Task directions: Below is a set of records; reproduce them exactly without their pictures.

Provided data:
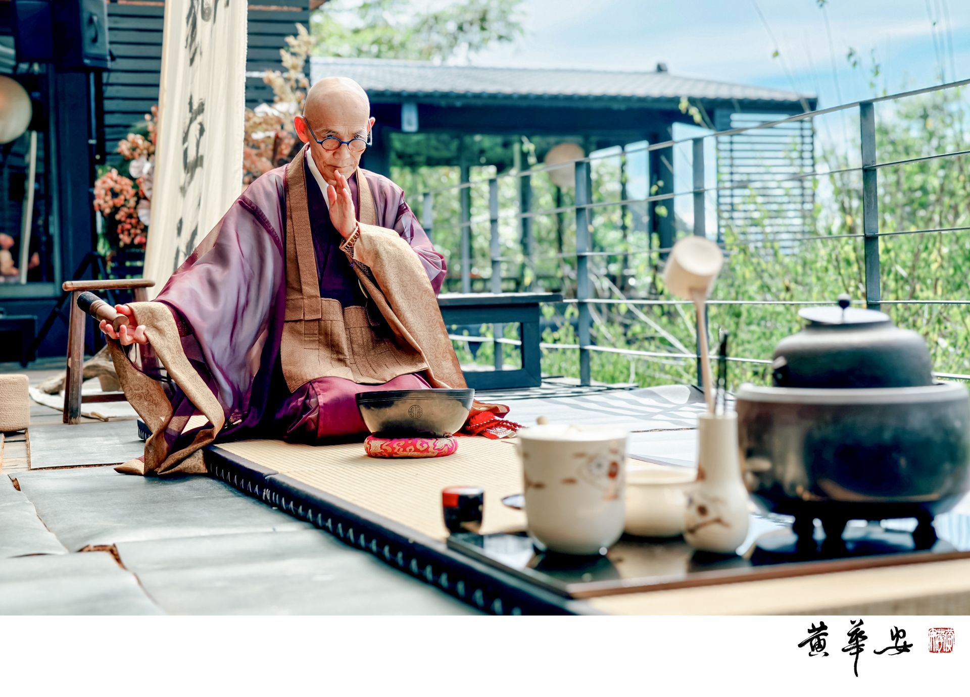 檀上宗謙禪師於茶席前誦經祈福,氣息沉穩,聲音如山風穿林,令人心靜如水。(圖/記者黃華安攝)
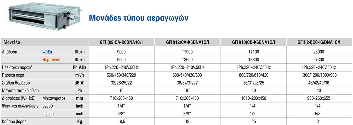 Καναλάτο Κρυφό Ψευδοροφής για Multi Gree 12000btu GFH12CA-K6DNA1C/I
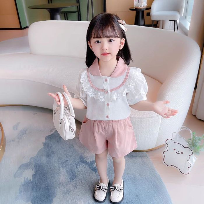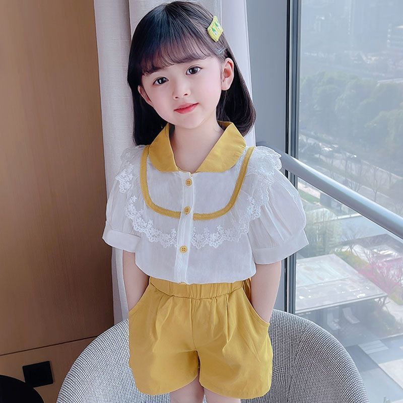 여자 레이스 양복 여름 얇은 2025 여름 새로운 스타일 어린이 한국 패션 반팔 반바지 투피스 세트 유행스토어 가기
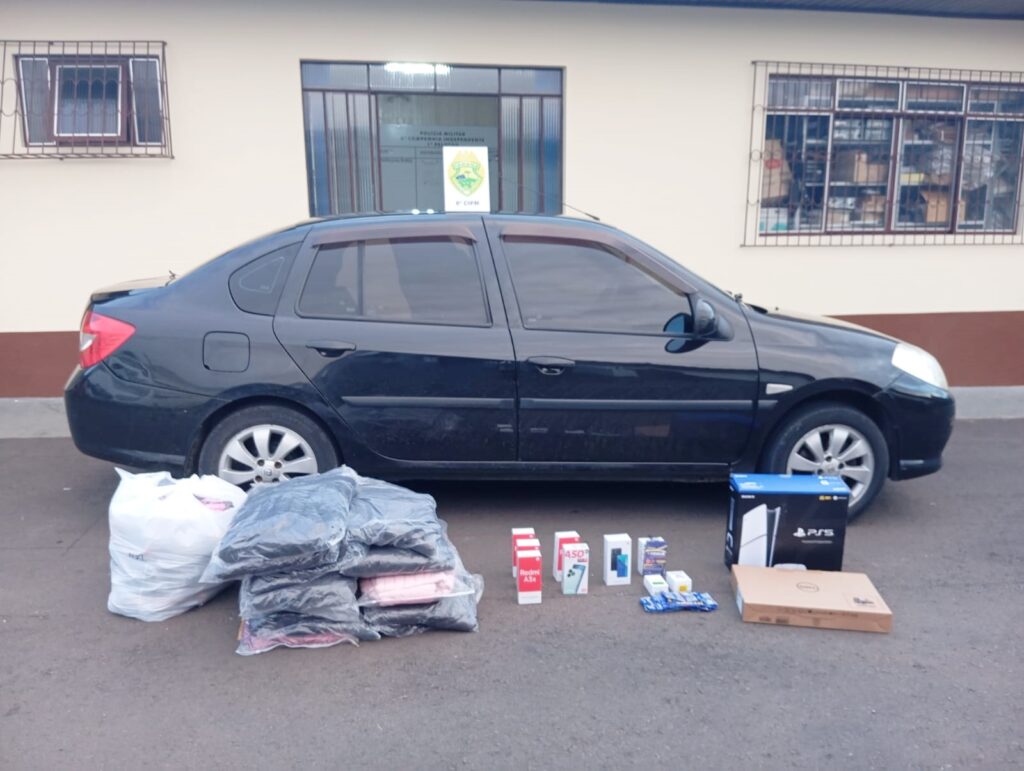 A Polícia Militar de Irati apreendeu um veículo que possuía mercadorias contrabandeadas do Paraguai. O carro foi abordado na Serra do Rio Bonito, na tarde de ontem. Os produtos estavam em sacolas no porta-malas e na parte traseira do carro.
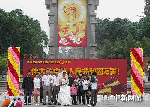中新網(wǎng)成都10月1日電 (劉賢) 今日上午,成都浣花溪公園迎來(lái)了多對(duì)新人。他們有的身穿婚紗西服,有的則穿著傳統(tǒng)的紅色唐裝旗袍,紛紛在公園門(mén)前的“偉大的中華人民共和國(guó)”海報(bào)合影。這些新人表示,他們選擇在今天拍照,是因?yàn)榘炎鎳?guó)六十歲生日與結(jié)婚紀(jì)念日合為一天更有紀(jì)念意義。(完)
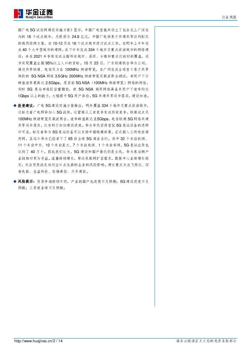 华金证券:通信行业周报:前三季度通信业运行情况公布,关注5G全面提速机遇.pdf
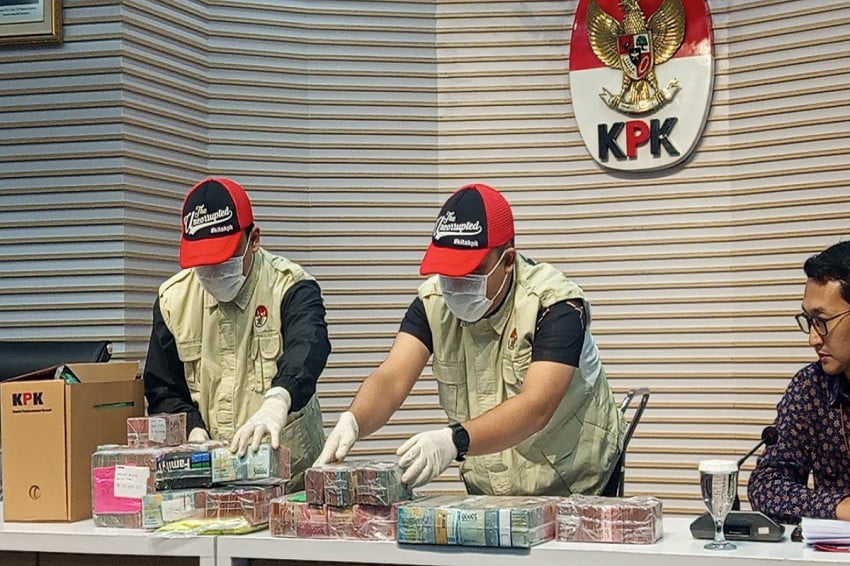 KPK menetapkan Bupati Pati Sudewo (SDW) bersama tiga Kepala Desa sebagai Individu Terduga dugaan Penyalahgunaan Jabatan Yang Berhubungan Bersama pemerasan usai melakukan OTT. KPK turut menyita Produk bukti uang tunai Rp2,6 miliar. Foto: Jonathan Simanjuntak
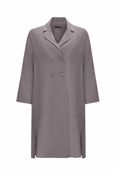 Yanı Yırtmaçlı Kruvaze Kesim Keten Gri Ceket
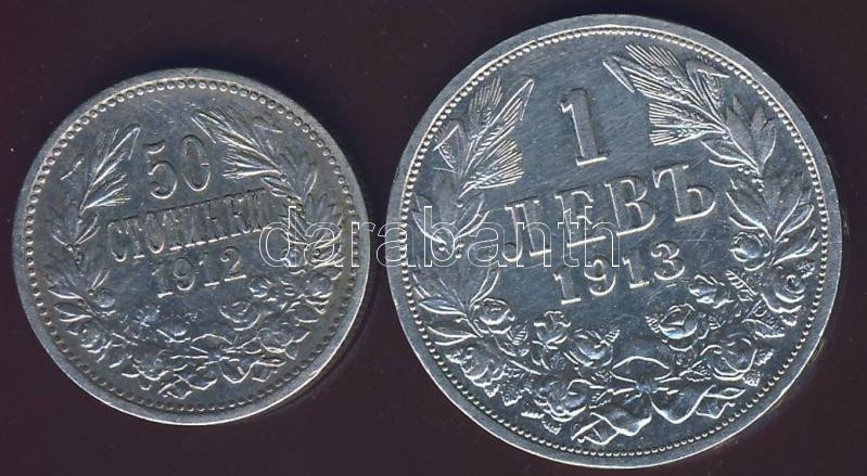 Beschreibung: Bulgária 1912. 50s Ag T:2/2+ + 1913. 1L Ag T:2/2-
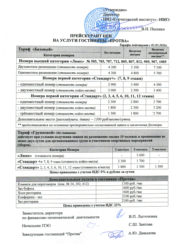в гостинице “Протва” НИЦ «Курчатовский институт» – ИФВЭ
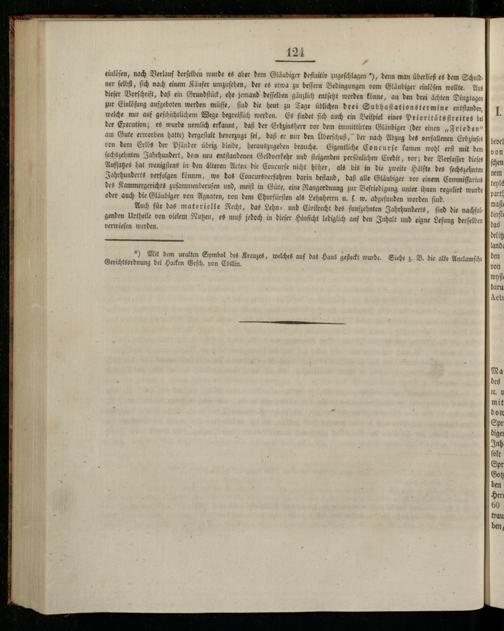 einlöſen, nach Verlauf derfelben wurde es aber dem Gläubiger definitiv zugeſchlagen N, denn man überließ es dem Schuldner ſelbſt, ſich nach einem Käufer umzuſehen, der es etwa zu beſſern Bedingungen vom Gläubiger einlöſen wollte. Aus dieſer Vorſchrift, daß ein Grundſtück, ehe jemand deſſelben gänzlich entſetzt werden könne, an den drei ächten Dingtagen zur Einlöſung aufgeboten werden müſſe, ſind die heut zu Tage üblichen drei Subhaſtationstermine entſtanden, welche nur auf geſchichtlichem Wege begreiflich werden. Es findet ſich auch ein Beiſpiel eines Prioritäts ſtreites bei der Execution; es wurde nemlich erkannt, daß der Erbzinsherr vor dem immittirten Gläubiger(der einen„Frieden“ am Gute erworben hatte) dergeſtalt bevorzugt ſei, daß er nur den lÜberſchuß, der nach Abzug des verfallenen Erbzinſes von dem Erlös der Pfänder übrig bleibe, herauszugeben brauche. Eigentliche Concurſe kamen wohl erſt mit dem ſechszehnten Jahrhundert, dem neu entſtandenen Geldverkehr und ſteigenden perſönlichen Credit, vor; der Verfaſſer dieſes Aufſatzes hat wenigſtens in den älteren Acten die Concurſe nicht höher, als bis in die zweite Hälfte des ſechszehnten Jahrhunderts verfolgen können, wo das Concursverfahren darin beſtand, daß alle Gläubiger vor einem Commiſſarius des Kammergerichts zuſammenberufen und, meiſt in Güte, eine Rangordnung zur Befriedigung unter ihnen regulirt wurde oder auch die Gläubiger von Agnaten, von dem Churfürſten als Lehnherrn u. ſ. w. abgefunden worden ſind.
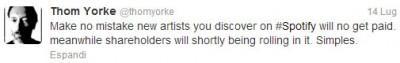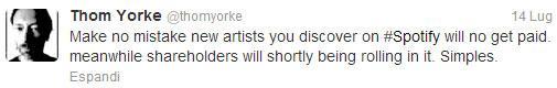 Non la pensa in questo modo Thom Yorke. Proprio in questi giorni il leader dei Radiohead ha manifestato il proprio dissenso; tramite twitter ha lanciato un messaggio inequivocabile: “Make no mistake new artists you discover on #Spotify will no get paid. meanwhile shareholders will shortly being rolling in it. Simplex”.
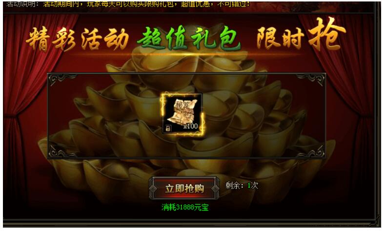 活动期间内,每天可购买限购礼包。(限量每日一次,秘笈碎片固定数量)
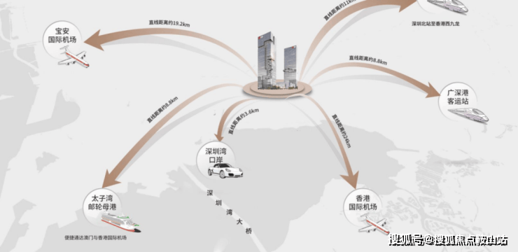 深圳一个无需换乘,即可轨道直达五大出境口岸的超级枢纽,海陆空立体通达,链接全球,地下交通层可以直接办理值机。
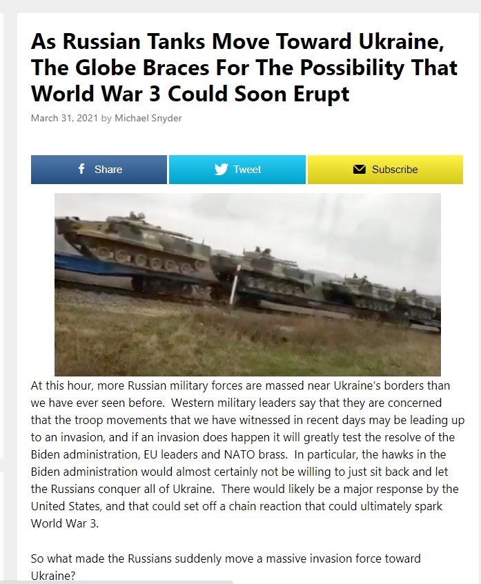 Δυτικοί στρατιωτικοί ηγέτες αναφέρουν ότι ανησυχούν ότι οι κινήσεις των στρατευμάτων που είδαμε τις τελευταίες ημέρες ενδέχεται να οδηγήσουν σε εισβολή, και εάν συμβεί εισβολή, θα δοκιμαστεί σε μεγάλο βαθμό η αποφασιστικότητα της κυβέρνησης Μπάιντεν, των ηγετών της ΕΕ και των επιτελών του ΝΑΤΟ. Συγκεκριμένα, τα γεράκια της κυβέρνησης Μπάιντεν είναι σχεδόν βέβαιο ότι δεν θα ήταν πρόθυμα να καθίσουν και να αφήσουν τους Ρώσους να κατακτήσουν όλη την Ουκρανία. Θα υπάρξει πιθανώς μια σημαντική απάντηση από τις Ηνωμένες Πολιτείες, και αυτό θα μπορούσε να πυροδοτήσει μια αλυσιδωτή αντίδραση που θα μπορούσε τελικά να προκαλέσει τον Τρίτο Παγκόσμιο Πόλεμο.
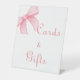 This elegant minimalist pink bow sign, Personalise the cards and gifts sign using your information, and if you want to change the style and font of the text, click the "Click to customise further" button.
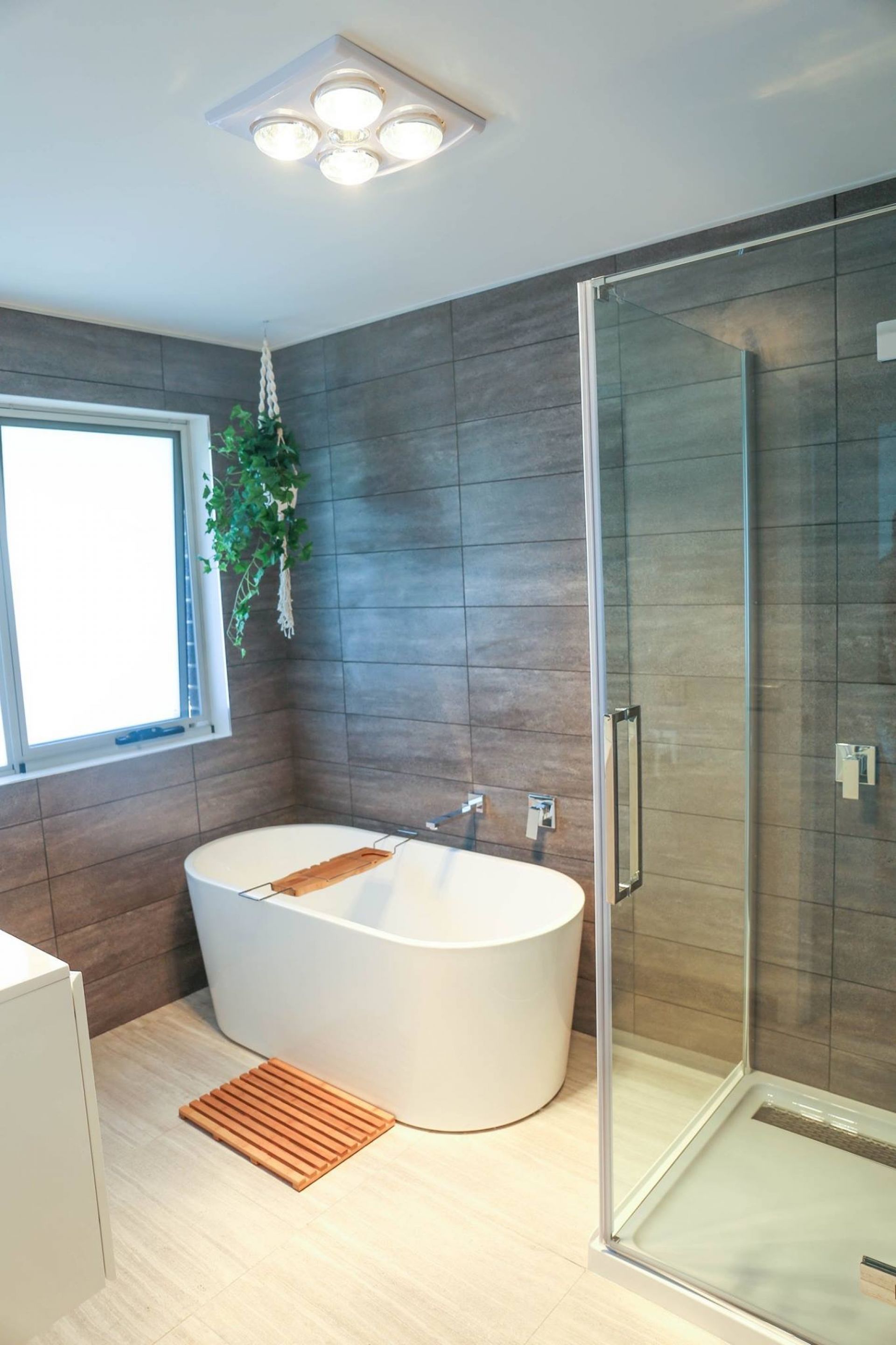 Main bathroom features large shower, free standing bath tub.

Final answer:
 檀上宗謙禪師於茶席前誦經祈福,氣息沉穩,聲音如山風穿林,令人心靜如水。(圖/記者黃華安攝)
 Καναλάτο Κρυφό Ψευδοροφής για Multi Gree 12000btu GFH12CA-K6DNA1C/I
 여자 레이스 양복 여름 얇은 2025 여름 새로운 스타일 어린이 한국 패션 반팔 반바지 투피스 세트 유행스토어 가기
 A Polícia Militar de Irati apreendeu um veículo que possuía mercadorias contrabandeadas do Paraguai. O carro foi abordado na Serra do Rio Bonito, na tarde de ontem. Os produtos estavam em sacolas no porta-malas e na parte traseira do carro.
中新網(wǎng)成都10月1日電 (劉賢) 今日上午,成都浣花溪公園迎來(lái)了多對(duì)新人。他們有的身穿婚紗西服,有的則穿著傳統(tǒng)的紅色唐裝旗袍,紛紛在公園門(mén)前的“偉大的中華人民共和國(guó)”海報(bào)合影。這些新人表示,他們選擇在今天拍照,是因?yàn)榘炎鎳?guó)六十歲生日與結(jié)婚紀(jì)念日合為一天更有紀(jì)念意義。(完)
 华金证券:通信行业周报:前三季度通信业运行情况公布,关注5G全面提速机遇.pdf
 KPK menetapkan Bupati Pati Sudewo (SDW) bersama tiga Kepala Desa sebagai Individu Terduga dugaan Penyalahgunaan Jabatan Yang Berhubungan Bersama pemerasan usai melakukan OTT. KPK turut menyita Produk bukti uang tunai Rp2,6 miliar. Foto: Jonathan Simanjuntak
 Yanı Yırtmaçlı Kruvaze Kesim Keten Gri Ceket
 Beschreibung: Bulgária 1912. 50s Ag T:2/2+ + 1913. 1L Ag T:2/2-
в гостинице “Протва” НИЦ «Курчатовский институт» – ИФВЭ
 einlöſen, nach Verlauf derfelben wurde es aber dem Gläubiger definitiv zugeſchlagen N, denn man überließ es dem Schuldner ſelbſt, ſich nach einem Käufer umzuſehen, der es etwa zu beſſern Bedingungen vom Gläubiger einlöſen wollte. Aus dieſer Vorſchrift, daß ein Grundſtück, ehe jemand deſſelben gänzlich entſetzt werden könne, an den drei ächten Dingtagen zur Einlöſung aufgeboten werden müſſe, ſind die heut zu Tage üblichen drei Subhaſtationstermine entſtanden, welche nur auf geſchichtlichem Wege begreiflich werden. Es findet ſich auch ein Beiſpiel eines Prioritäts ſtreites bei der Execution; es wurde nemlich erkannt, daß der Erbzinsherr vor dem immittirten Gläubiger(der einen„Frieden“ am Gute erworben hatte) dergeſtalt bevorzugt ſei, daß er nur den lÜberſchuß, der nach Abzug des verfallenen Erbzinſes von dem Erlös der Pfänder übrig bleibe, herauszugeben brauche. Eigentliche Concurſe kamen wohl erſt mit dem ſechszehnten Jahrhundert, dem neu entſtandenen Geldverkehr und ſteigenden perſönlichen Credit, vor; der Verfaſſer dieſes Aufſatzes hat wenigſtens in den älteren Acten die Concurſe nicht höher, als bis in die zweite Hälfte des ſechszehnten Jahrhunderts verfolgen können, wo das Concursverfahren darin beſtand, daß alle Gläubiger vor einem Commiſſarius des Kammergerichts zuſammenberufen und, meiſt in Güte, eine Rangordnung zur Befriedigung unter ihnen regulirt wurde oder auch die Gläubiger von Agnaten, von dem Churfürſten als Lehnherrn u. ſ. w. abgefunden worden ſind.
 Non la pensa in questo modo Thom Yorke. Proprio in questi giorni il leader dei Radiohead ha manifestato il proprio dissenso; tramite twitter ha lanciato un messaggio inequivocabile: “Make no mistake new artists you discover on #Spotify will no get paid. meanwhile shareholders will shortly being rolling in it. Simplex”.
 活动期间内,每天可购买限购礼包。(限量每日一次,秘笈碎片固定数量)
 深圳一个无需换乘,即可轨道直达五大出境口岸的超级枢纽,海陆空立体通达,链接全球,地下交通层可以直接办理值机。
 Δυτικοί στρατιωτικοί ηγέτες αναφέρουν ότι ανησυχούν ότι οι κινήσεις των στρατευμάτων που είδαμε τις τελευταίες ημέρες ενδέχεται να οδηγήσουν σε εισβολή, και εάν συμβεί εισβολή, θα δοκιμαστεί σε μεγάλο βαθμό η αποφασιστικότητα της κυβέρνησης Μπάιντεν, των ηγετών της ΕΕ και των επιτελών του ΝΑΤΟ. Συγκεκριμένα, τα γεράκια της κυβέρνησης Μπάιντεν είναι σχεδόν βέβαιο ότι δεν θα ήταν πρόθυμα να καθίσουν και να αφήσουν τους Ρώσους να κατακτήσουν όλη την Ουκρανία. Θα υπάρξει πιθανώς μια σημαντική απάντηση από τις Ηνωμένες Πολιτείες, και αυτό θα μπορούσε να πυροδοτήσει μια αλυσιδωτή αντίδραση που θα μπορούσε τελικά να προκαλέσει τον Τρίτο Παγκόσμιο Πόλεμο.
 This elegant minimalist pink bow sign, Personalise the cards and gifts sign using your information, and if you want to change the style and font of the text, click the "Click to customise further" button.
 Main bathroom features large shower, free standing bath tub.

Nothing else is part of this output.